Сегодня при нём была видеокамера; он одолжил её у приятеля. Чтобы заснять город, а ещё – на фоне города – меня и тех, кто составил нам компанию.
Шла вторая половина июля. Жара была страшная.
Зато Одесса – вся в зелени!
И всё же, только праздник лета мог немного скрасить не очень-то праздничный вид города. Старые постройки ветшали, кренились, оседали; дома – с облупившейся краской, за которой проступали голые, подтачиваемые временем, кирпичи из ракушечника... Как на сухом песчаном дне от неиспарившейся соли высохших морей уже не повеет влагой свежей и пахучей, истинно морской солью, так и в лице этих некогда могучих стен, казалось, сама европейская старина приходила в упадок, в городе, когда-то построенном по её образу и подобию. Его архитектурные памятники и старясь дышали ею. Но эти шрамы и морщины их явно не украшали, а Город-Герой превращали в город-инвалид, ставший им отнюдь не ценой какого-либо героизма.

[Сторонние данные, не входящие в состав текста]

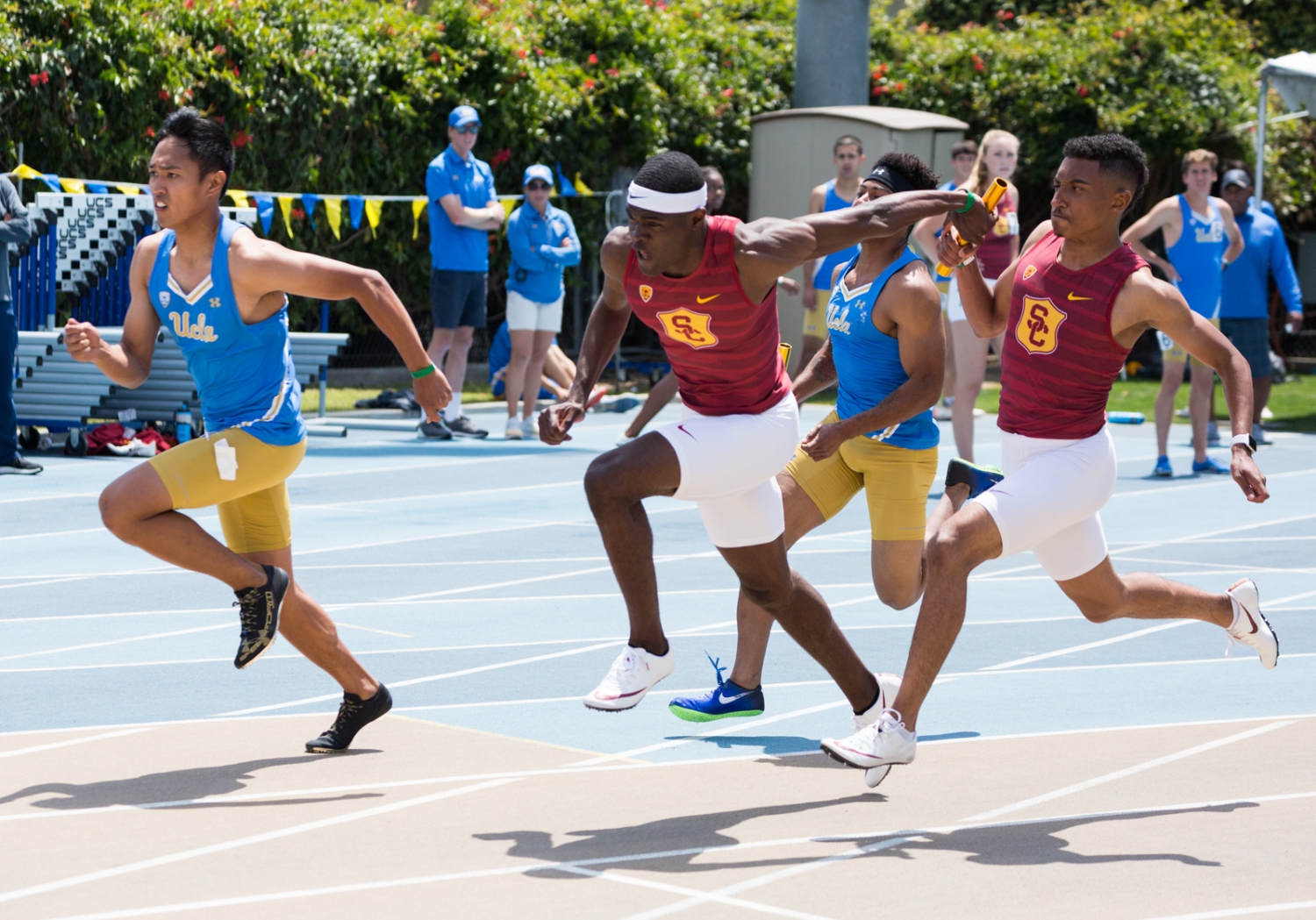 UCLA junior CJ Alumbres get's ready to take the baton from Darius Smith in the men's 4x100 relay to run the second leg against USC junior Rai Benjamin.

Как тот же Одесский театр оперы и балета – ему, с виду старому несчастному гордецу, тоже было не позавидовать. Этот театр похож на большой трёхэтажный дворец. Его фасад – что сразу видно, если на здание бросить взгляд снаружи, – округлённый, не прямой; с величественно выступающим из этой округлости вперёд двухъярусным порталом главного входа, первый ярус которого возвышается до нижней арки, а второй – со стоящими по бокам портала колоннами – до арки верхней; с двойной куполообразной крышей – она снаружи смотрится и впрямь как два голубеющих друг на друге купола, снизу – большой, сверху – поменьше. Театр только начали реставрировать, он ещё долго будет обретать прежний вид...

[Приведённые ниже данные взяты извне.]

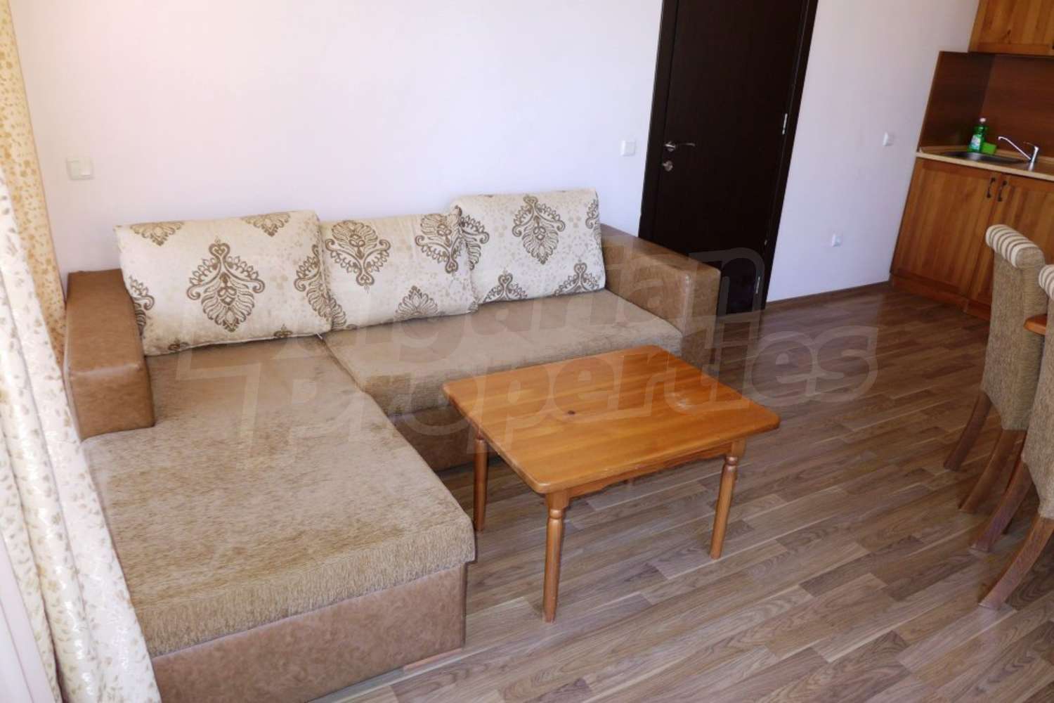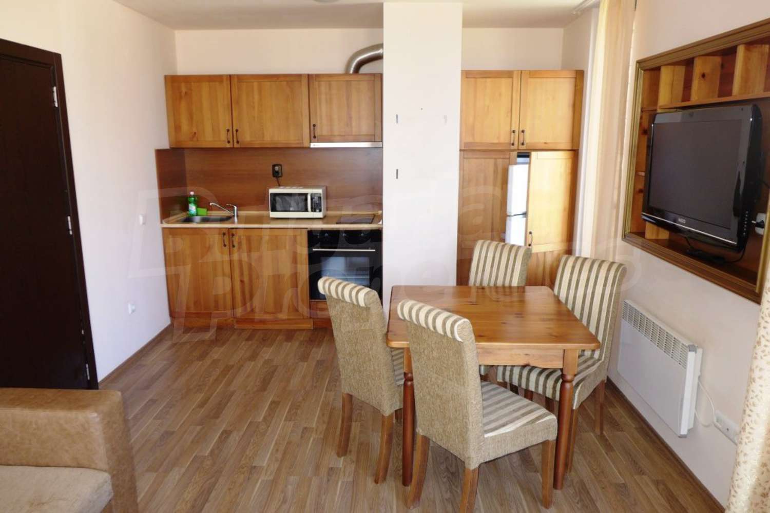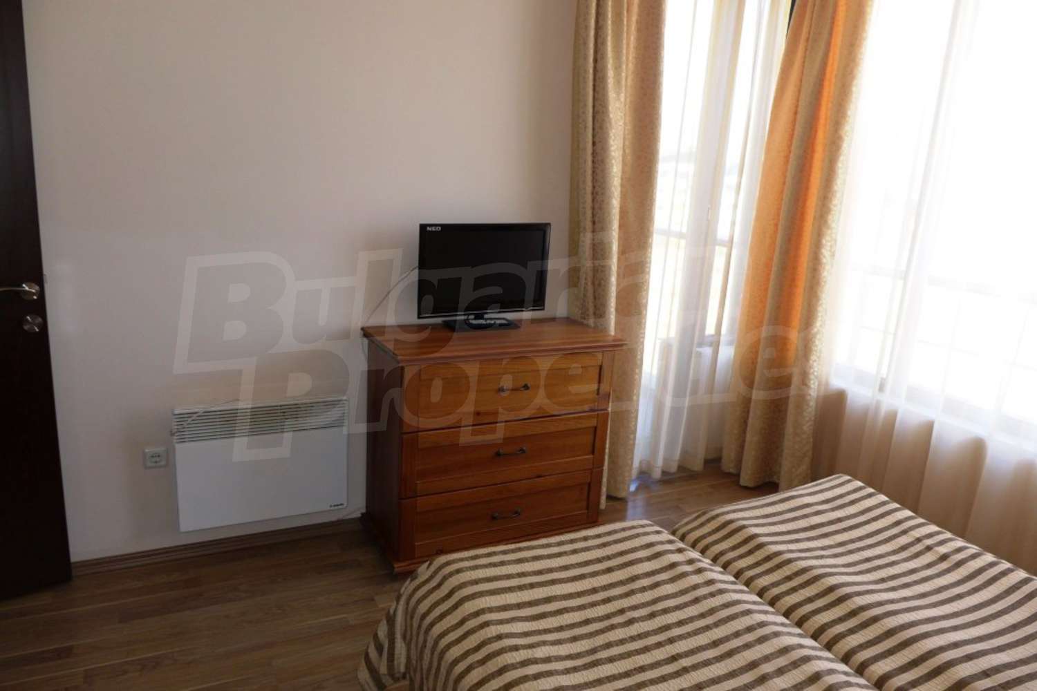 Двухкомнатная квартира площадью 58.36 м2. Предлагаемая недвижимость построена в 2013. Отопление на электрических радиаторах, отопление на электричестве и отопление на электроконвекторах. Внешняя изоляция, ламинированный пол, межкомнатные двери, окна пвх, стены покрашенные латексной краской и терракотовый пол имеются в предлагаемой недвижимости. Недвижимость включает следующую меблировку и оборудование: бойлер электрический, встроенная кухня, вытяжка, душевая, меблировку, оборудованная ванная комната, телевизор и холодильник. Из основных коммуникаций обеспечены электричество, центральное водоснабжение и центральная канализация. Балконы, ванная комната с туалетом, парковка вне дороги, стоянка, терраса, бассейн, комплекс закрытого типа, консьерж, лифт, общие части с отделкой люкс, сауна, заасфальтированная дорога, интернет, интернет Wi-Fi и кабельное телевидение имеются в наличии среди прочих отличительных характеристик предлагаемого объекта, что обеспечит дополнительные удобства для пользования. Виды на гольф поле, виды на горы и виды на лес открываются с недвижимости, раскрывая часть красот живописной Болгарии.

А наш старый дом на Успенской (улице Чичерина вернули её прежнее, дореволюционное, название)? – Вернее, наш – уже бывший дом: мы всей семьёй, а также с нашей Юлей, уже переехали в другую квартиру, на Екатерининской. (Там Юля и доживёт свой век; за ней будут ухаживать люди, на попечение которых мы, покидая Одессу, её оставим.) О ветхости моего первого дома мы давно уже упоминали. Могу лишь добавить: как-то кирпич от одного из его балконов отвалился и упал на тротуар. Чудом не пострадали две пожилые соседки – они на улице сидели рядом на стульчиках, у самых ворот, беседовали как ни в чём не бывало... Этот дом – с маленьким невзрачным двориком; через ворота входишь в подъезд – прямо перед ними мусорная свалка. А на тротуаре, у дороги, вечно стояли открытыми мусорные контейнеры – от них несло...

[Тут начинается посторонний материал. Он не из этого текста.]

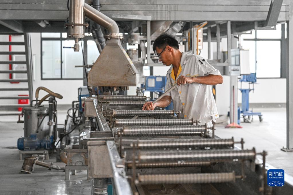 工作人員在位于海南洋浦保稅港區的海南金發(fā)科技有限公司車(chē)間清理設備(9月28日攝)。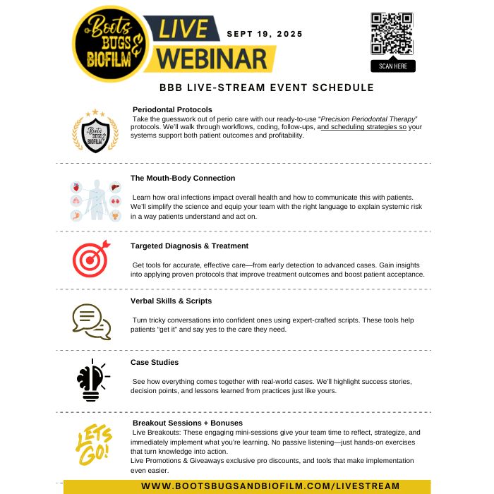 Can’t make it to Nashville? No worries! This LIVE-streamed version brings the same energy, insight, and impact straight to you—no travel required! Created for the entire dental team—dentists, hygienists, and support staff—ready to break free from conventional care. Discover how to implement Precision Periodontal Therapy protocols that streamline your systems and elevate patient outcomes.

Оказавшись на Приморском бульваре, где всё и зелено и уютно, мы сразу почувствовали разницу: ни вони от мусорных баков, ни обшарпанности городских стен – будто одна и та же Одесса существовала на двух разных планетах. Здесь старинные здания снаружи (какие они внутри – молчу!) выглядели очень ухожено, опрятно, ярко и нарядно. Даже в выходные дни – как, например, сегодня, в субботу, – когда народу тут собирается побольше, не слишком шумен, привлекателен и мил Приморский бульвар.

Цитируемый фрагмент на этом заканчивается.